Había dejado a medias un libro de Vladimir Propp, muy inteligente por otra parte, sobre la morfología del cuento, y tenía todavía otros muchos por mirar. Son lecturas -quiero dejarlo claro- de las que no me arrepiento en absoluto, que me proporcionaron sugerencias y pienso reanudar en alguna ocasión. Pero por entonces ya me habían prestado un servicio fundamental: el de hacerme saber que el libro que yo quería escribir no estaba escrito todavía. Aquellos autores no ponían al uso lo que sabían, lo mantenía incontaminado, se lo daban a los demás para que los trataran con miramientos, no para que lo dejaran circular añadido al torrente de sus propias experiencias. Es decir, me parecía que no habían inventado un tono adecuado a lo simultáneo de la narración con la vivencia que la promueve.
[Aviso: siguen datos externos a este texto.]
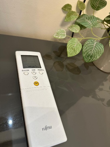 There are two air conditioners, one in the living room and the other in the back bedroom. The air conditioners are controlled by a remote control. A good temperature to set for heat is 19 degrees. Turn it on with the red power button in the top middle. The mode button switches between heat, air conditioning, and fan. You will not need to use the air conditioner for heating because the radiators are sufficient. Press the up arrow to increase the temperature and the down arrow to decrease the temperature.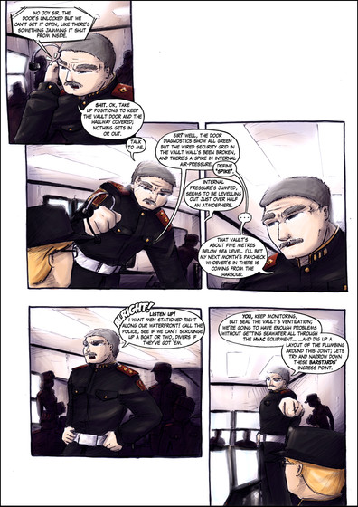 I took rather a bit of heat from the readers for leaving this set of pages in the original Russian, but my colleague in Moscow went to such lengths to write a nice bit of Russian script for the Federate soldiers here, that I felt it was unkind to him to start translating it back into English. My take, of course, is that you don't really NEED to know Russian to get the gist of the scene, and a huge part of the story is about what the "good guys" do and don't know about their enemy, and vice versa. As a result, when it's important that the reader know what's "really" going on, it's in English (for example, notice that the Russians dream in English? Yes...) Here, I just wanted to convey a message that "The Federates are crammed in a bomb shelter, and they're taking it very seriously." But for Russian readers, there's the added bonus that they ARE actually speaking real dialogue here.So anyway, I had one reader declare that he would never read my comic so long as I had untranslated Russian in it, and that I could "try again" when I was "ready" to use English. Well, okay. But personally, I prefer it like this. After all, watch the movie A Bridge Too Far - do you really "miss out" when the scenes with the Germans come up? Not really. And in real life, there are no subtitles. It took a leap of faith for the readers to get on board with this, I admit, but the vast majority supported me, I'm happy to say.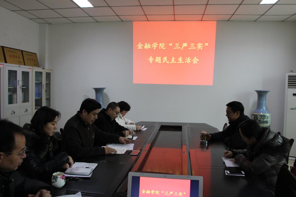 根据《河南牧业经济学院关于二级单位召开“三严三实”专题民主生活会的通知》精神及《金融学院“三严三实”专题民主生活会实施方案》的安排,2016年1月6日上午,金融学院在教学楼514金融学院会议室召开了“三严三实”专题民主生活会,校党委副书记李绍文、纪委办公室副主任胡蕾出席了会议。会议由金融学院党总支书记席波主持,金融学院全体班子成员参加会议。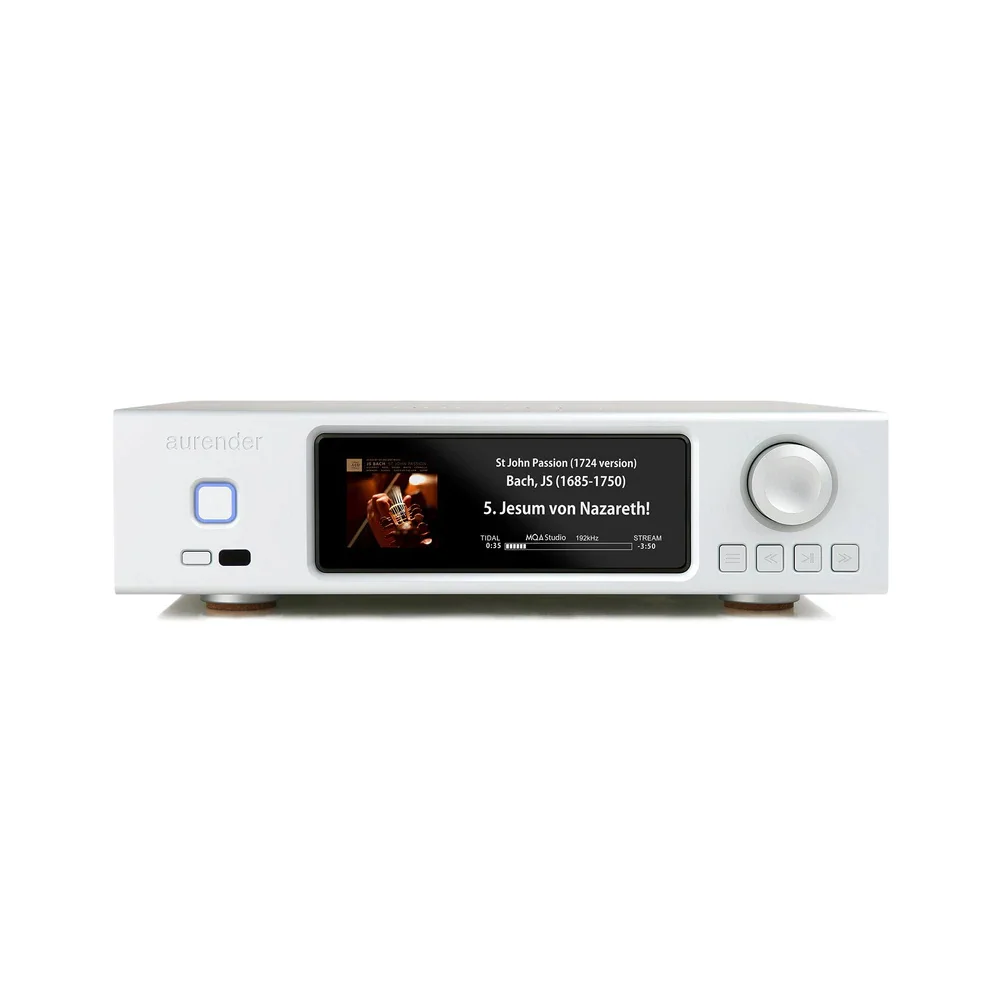 A200 способен работать в роли предусилителя: его с легкостью можно подключить напрямую к усилителю мощности или активной аудиосистеме. Громкость регулируется из приложения AurenderConductor, доступного в версиях для iPad, iPhone и устройств на ОС Android. На входящем в комплект пульте ДУ, выточенном из цельного куска алюминия, есть клавиши для регулировки громкости, отключения звука, выбора входа и выхода, запуска либо остановки воспроизведения и других важных функций, ради которых не придется использовать смартфон или планшет.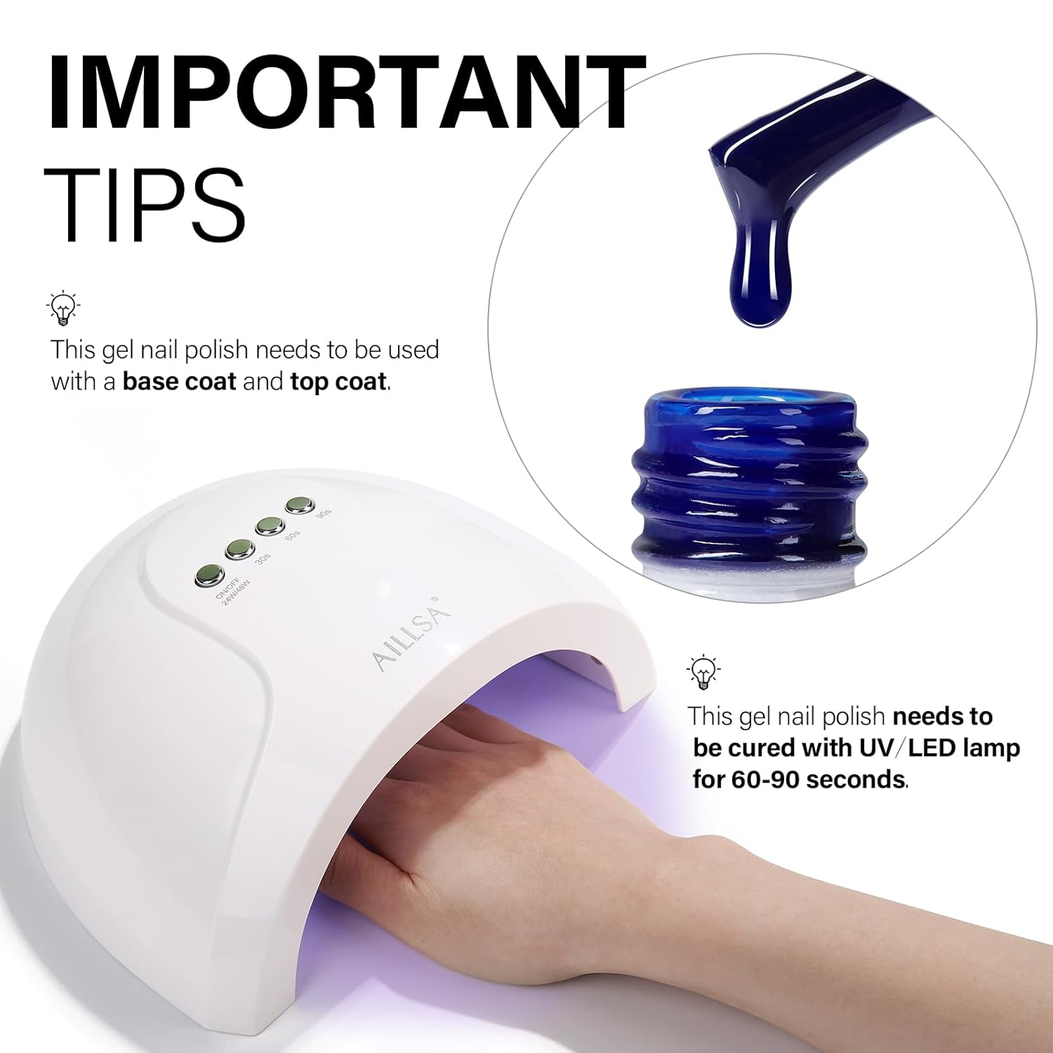 - ă LONG-LASTING SHINE ăAILLSA Christmas blue gel nail polish needs to be cured under L E D/U V light, under the correct use steps, it can last for 21-28 days and keep the shiny luster. You'll never have to worry about your nails peeling off while showering and doing housework. Let AILLSA serve you a longer time!

“Son libros que te informan de muchas cosas -le dije a mi amigo-, pero que no te cuentan nada. Y yo creo que un libro sobre narración tiene que dar ejemplo y contar cosas, ¿no te parece?”
El amigo le pregunta entonces sobre la metodología que va a utilizar.
Le contesté que no conocía otra que la de llevar siempre las manos por delante para no tropezar, confiar en la intuición y estar bien atenta a las incidencias de la ruta y al viento que soplase. “Sí -dijo él como dejándome por imposible-, a ti siempre te ha gustado más sortear los escollos manejando la vela de foque que desplegar la mayor o la cangreja.”
Todo esto, que de manera tan natural e inteligente presenta Martín Gaite, a mí me parece el modo más acertado de enfocar la escritura. No dudo de la ayuda que supone el estudio y análisis de las técnicas y los textos. Pero el fundamento es algo más anclado al propio terreno: lectura, experiencia personal y continua reflexión.